# About this exercise
Copy, exactly as written, the lines that begin at the one containing "Peco N Gauge" and end at the one containing "结合老员工网络博主的直播带货". Skip any pictures in the data below.

(Collected data entries)
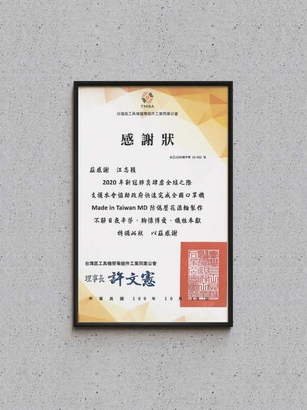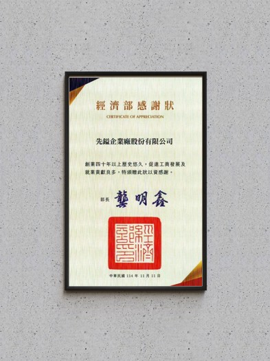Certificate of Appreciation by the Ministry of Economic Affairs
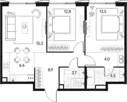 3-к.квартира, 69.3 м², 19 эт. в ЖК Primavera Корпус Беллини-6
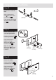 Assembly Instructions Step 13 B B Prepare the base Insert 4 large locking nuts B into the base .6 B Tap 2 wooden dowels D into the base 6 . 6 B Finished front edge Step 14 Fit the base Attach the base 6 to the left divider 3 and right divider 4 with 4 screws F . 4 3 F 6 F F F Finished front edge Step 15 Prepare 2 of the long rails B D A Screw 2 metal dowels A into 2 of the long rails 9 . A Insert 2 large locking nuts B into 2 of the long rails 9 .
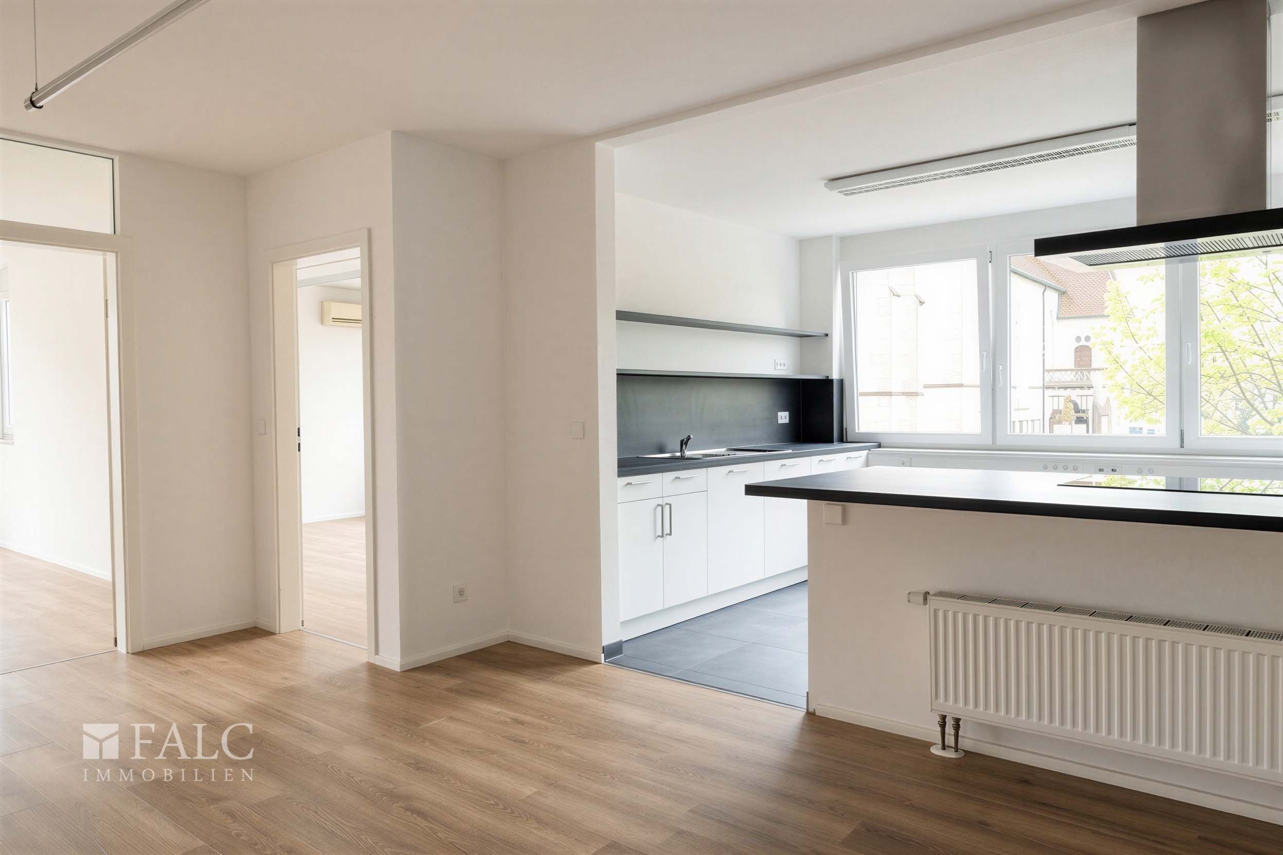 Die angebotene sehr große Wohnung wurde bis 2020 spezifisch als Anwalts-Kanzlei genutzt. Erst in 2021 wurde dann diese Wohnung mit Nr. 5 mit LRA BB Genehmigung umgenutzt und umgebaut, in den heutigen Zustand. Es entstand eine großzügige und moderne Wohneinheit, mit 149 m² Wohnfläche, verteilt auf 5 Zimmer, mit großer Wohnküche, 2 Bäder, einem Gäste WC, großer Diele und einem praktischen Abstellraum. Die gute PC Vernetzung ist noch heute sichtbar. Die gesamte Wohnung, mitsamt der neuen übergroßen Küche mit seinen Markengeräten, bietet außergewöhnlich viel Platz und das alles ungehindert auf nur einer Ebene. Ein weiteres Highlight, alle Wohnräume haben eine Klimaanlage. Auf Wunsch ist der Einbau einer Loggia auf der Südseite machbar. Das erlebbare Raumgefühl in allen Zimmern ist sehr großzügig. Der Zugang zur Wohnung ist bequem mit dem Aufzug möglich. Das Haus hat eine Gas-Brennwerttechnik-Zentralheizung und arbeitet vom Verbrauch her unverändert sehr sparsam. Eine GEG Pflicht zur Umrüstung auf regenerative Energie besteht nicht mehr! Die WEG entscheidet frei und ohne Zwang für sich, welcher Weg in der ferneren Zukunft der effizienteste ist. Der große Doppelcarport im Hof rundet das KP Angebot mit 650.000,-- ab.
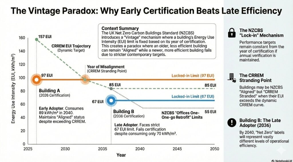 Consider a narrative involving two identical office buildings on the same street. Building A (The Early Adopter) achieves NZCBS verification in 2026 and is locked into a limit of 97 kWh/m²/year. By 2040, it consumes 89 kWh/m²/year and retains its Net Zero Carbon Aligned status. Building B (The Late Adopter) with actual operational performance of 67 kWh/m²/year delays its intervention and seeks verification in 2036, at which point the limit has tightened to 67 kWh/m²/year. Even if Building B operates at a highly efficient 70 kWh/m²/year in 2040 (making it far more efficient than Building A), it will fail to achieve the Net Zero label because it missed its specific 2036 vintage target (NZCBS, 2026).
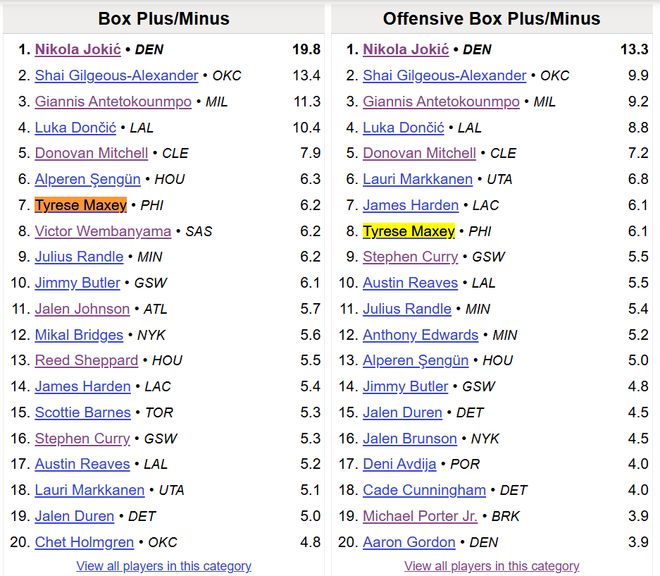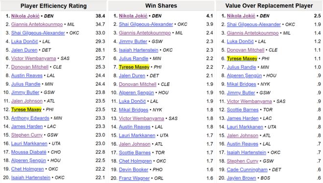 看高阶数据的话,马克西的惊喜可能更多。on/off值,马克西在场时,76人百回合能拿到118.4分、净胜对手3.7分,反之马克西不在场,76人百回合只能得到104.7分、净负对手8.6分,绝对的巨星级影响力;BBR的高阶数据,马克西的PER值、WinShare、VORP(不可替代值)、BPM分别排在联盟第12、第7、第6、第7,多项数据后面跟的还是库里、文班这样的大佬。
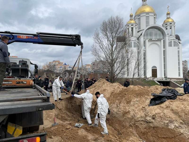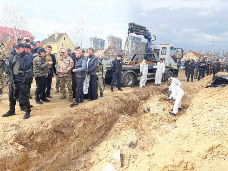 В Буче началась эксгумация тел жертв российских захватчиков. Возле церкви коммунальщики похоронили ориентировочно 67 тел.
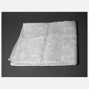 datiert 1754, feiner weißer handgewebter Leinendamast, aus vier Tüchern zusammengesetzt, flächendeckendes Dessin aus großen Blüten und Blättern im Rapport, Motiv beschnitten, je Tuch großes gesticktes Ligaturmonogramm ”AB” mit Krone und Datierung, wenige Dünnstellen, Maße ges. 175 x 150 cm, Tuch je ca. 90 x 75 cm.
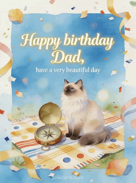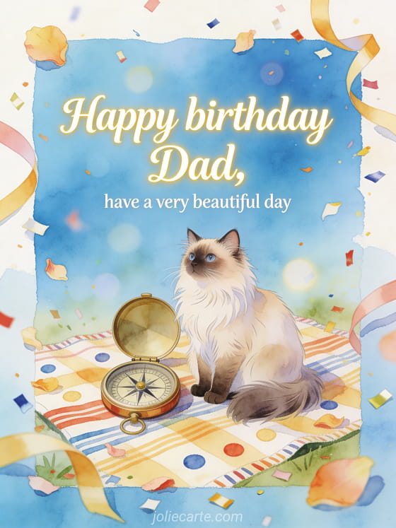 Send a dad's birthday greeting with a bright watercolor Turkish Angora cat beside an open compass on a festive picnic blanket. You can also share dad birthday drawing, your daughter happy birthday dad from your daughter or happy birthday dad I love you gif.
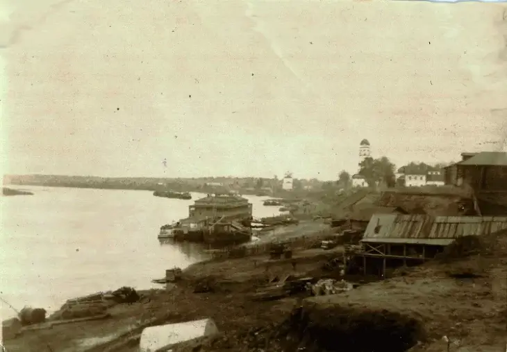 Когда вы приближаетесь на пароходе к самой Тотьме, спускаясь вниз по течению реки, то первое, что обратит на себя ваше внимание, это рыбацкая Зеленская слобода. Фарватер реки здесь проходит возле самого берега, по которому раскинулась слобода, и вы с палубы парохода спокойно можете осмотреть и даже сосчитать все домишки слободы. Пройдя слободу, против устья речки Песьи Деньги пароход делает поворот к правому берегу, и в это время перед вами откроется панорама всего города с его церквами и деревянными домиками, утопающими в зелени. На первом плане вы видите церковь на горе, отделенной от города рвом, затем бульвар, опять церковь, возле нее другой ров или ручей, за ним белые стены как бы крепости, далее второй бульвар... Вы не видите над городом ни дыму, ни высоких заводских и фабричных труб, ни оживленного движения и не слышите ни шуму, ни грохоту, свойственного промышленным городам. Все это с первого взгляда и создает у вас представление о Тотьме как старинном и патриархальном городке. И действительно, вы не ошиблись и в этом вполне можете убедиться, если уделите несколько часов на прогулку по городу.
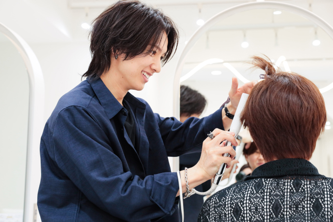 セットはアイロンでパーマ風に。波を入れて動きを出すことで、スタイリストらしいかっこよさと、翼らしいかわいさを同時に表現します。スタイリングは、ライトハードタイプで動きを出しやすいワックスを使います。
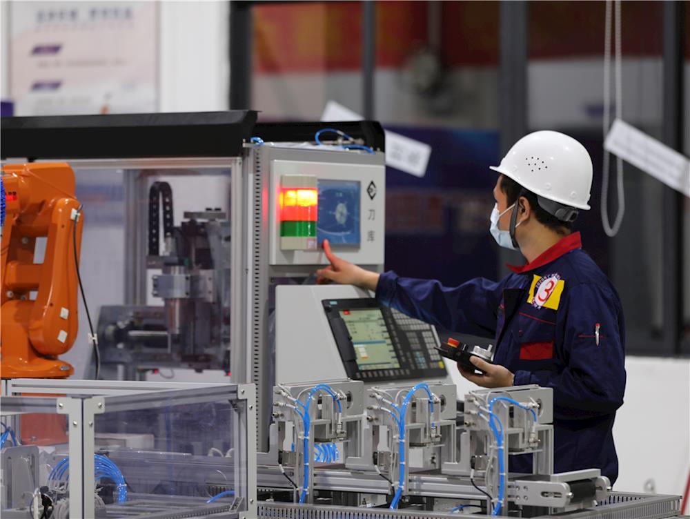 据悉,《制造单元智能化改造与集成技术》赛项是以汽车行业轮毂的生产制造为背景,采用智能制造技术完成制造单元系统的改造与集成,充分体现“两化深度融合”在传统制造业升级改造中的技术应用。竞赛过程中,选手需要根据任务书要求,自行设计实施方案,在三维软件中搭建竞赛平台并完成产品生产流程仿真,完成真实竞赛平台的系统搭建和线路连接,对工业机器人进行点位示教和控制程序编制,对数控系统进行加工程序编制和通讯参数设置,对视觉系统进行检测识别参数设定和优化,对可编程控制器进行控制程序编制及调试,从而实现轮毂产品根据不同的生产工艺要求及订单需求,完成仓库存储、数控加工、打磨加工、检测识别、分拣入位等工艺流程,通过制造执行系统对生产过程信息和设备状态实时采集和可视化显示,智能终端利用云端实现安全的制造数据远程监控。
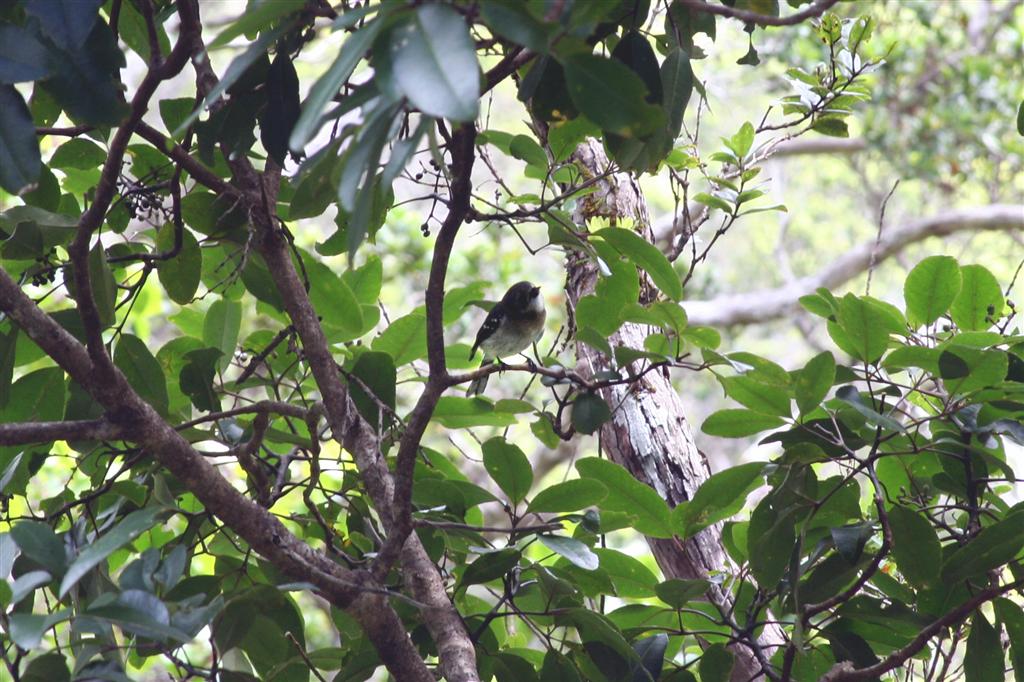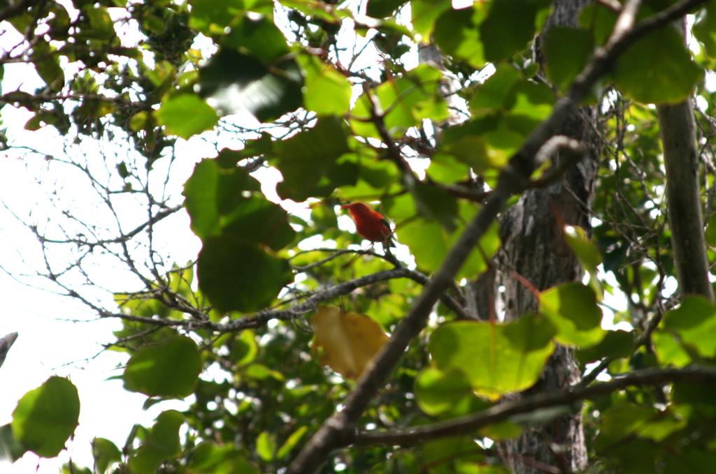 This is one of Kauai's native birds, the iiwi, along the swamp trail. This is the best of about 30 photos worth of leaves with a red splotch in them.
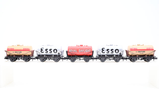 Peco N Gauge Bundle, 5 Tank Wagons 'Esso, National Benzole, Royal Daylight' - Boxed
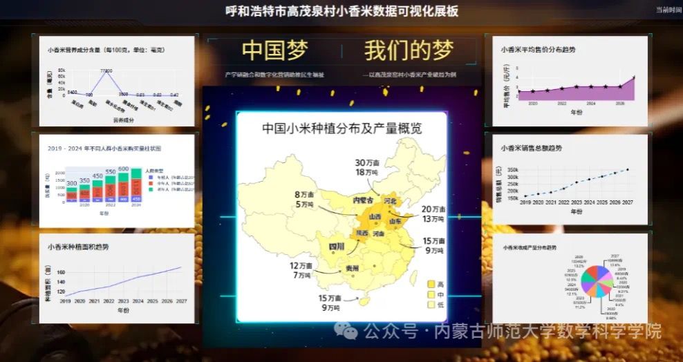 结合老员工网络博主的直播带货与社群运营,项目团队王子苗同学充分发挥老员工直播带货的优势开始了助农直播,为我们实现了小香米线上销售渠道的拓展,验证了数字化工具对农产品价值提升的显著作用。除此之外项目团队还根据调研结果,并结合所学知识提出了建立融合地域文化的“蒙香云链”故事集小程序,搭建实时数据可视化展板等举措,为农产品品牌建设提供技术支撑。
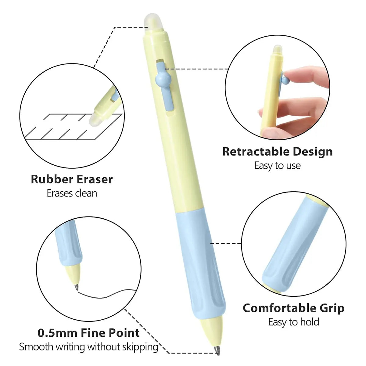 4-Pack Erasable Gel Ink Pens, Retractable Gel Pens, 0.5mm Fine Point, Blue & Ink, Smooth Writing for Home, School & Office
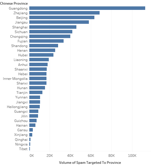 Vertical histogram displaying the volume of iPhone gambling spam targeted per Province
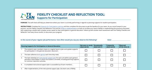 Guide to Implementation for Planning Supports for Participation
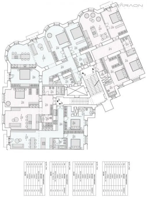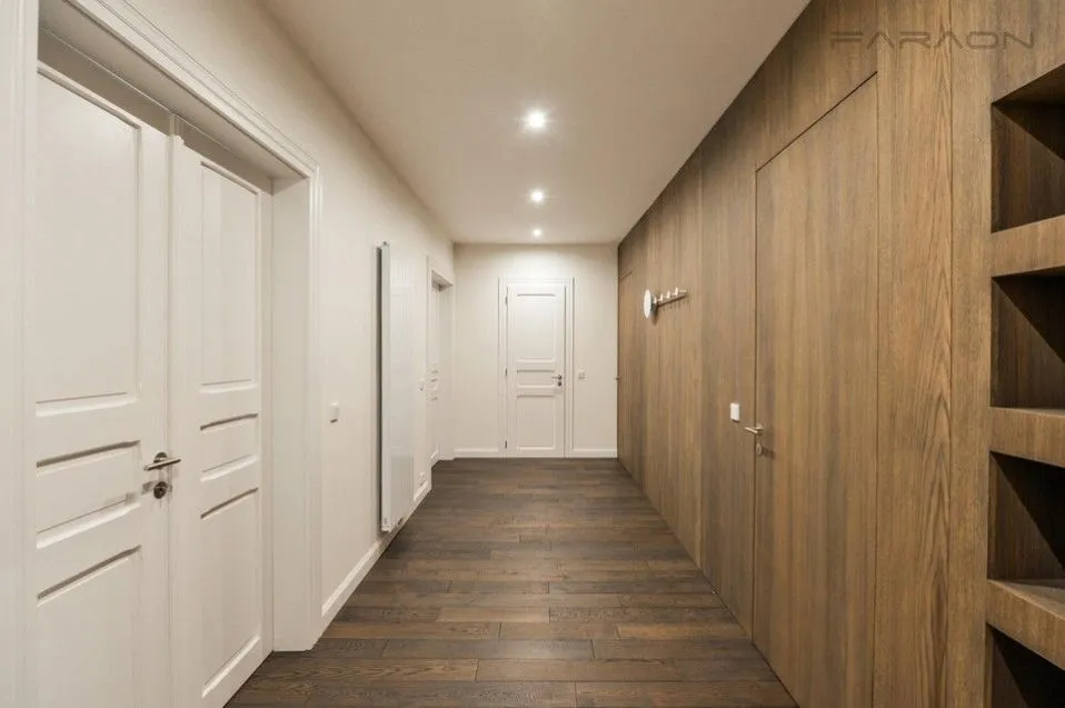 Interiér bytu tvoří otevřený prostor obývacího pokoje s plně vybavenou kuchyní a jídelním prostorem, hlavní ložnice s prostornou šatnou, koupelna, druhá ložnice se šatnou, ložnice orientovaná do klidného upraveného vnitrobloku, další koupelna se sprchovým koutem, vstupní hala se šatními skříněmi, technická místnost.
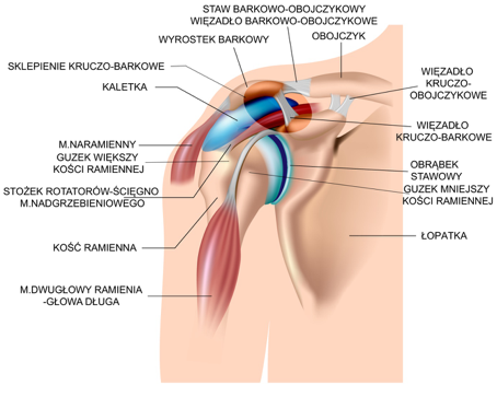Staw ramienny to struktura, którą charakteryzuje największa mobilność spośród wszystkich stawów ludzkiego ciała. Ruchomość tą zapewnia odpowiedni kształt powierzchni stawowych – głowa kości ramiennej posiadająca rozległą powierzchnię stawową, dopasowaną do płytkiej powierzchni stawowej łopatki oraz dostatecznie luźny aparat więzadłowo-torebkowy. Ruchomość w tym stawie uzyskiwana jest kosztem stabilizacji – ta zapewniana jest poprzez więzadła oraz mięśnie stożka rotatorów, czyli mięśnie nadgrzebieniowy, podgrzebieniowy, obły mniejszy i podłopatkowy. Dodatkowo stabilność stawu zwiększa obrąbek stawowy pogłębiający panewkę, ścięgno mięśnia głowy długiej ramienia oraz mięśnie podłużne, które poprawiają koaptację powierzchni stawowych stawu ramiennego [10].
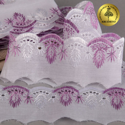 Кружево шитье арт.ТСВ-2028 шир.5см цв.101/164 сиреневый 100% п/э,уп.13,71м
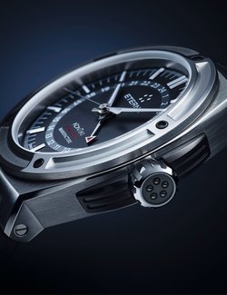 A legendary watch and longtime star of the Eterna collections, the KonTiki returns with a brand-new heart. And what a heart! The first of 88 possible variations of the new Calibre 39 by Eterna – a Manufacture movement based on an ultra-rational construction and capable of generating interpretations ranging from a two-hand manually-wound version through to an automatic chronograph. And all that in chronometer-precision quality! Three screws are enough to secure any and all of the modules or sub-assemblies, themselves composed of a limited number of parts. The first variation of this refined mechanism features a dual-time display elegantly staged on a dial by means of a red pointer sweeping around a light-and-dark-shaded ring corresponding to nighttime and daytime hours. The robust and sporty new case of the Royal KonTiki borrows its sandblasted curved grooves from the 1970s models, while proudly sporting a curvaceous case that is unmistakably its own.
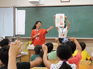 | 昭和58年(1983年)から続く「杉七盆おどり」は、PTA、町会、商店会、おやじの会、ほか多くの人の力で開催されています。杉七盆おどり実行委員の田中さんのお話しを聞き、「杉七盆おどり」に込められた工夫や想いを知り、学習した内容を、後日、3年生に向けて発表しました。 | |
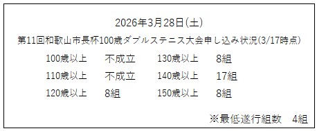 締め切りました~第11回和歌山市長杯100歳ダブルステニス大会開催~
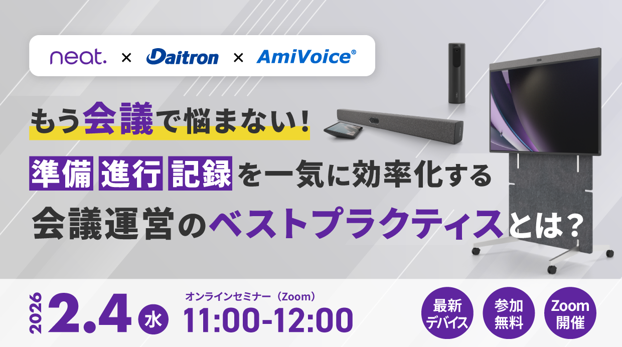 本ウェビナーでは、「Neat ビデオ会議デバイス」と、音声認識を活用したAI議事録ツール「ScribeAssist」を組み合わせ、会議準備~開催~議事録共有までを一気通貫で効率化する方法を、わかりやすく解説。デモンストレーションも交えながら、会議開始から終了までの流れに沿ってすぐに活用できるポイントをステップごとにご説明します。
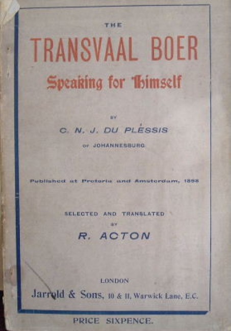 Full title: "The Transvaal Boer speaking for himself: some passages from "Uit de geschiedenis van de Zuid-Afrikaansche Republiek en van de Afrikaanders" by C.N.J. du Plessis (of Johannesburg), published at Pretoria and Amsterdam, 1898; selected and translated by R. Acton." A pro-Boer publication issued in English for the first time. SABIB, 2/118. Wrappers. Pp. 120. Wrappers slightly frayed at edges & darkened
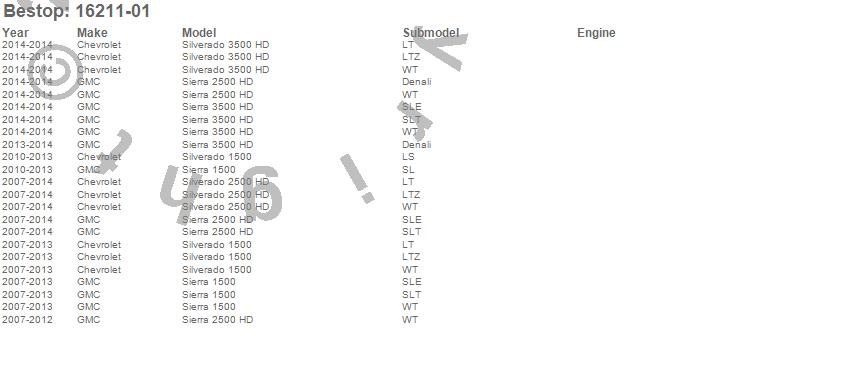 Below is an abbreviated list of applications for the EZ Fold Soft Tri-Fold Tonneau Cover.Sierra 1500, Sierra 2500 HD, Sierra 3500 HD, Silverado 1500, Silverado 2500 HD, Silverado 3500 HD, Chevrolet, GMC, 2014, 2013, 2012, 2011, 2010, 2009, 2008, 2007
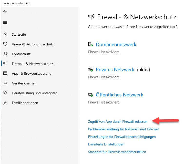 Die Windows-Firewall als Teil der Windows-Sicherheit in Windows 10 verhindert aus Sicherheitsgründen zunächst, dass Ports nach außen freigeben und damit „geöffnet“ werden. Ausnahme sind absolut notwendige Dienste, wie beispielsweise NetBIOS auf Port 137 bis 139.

# Response area
 Peco N Gauge Bundle, 5 Tank Wagons 'Esso, National Benzole, Royal Daylight' - Boxed
 结合老员工网络博主的直播带货与社群运营,项目团队王子苗同学充分发挥老员工直播带货的优势开始了助农直播,为我们实现了小香米线上销售渠道的拓展,验证了数字化工具对农产品价值提升的显著作用。除此之外项目团队还根据调研结果,并结合所学知识提出了建立融合地域文化的“蒙香云链”故事集小程序,搭建实时数据可视化展板等举措,为农产品品牌建设提供技术支撑。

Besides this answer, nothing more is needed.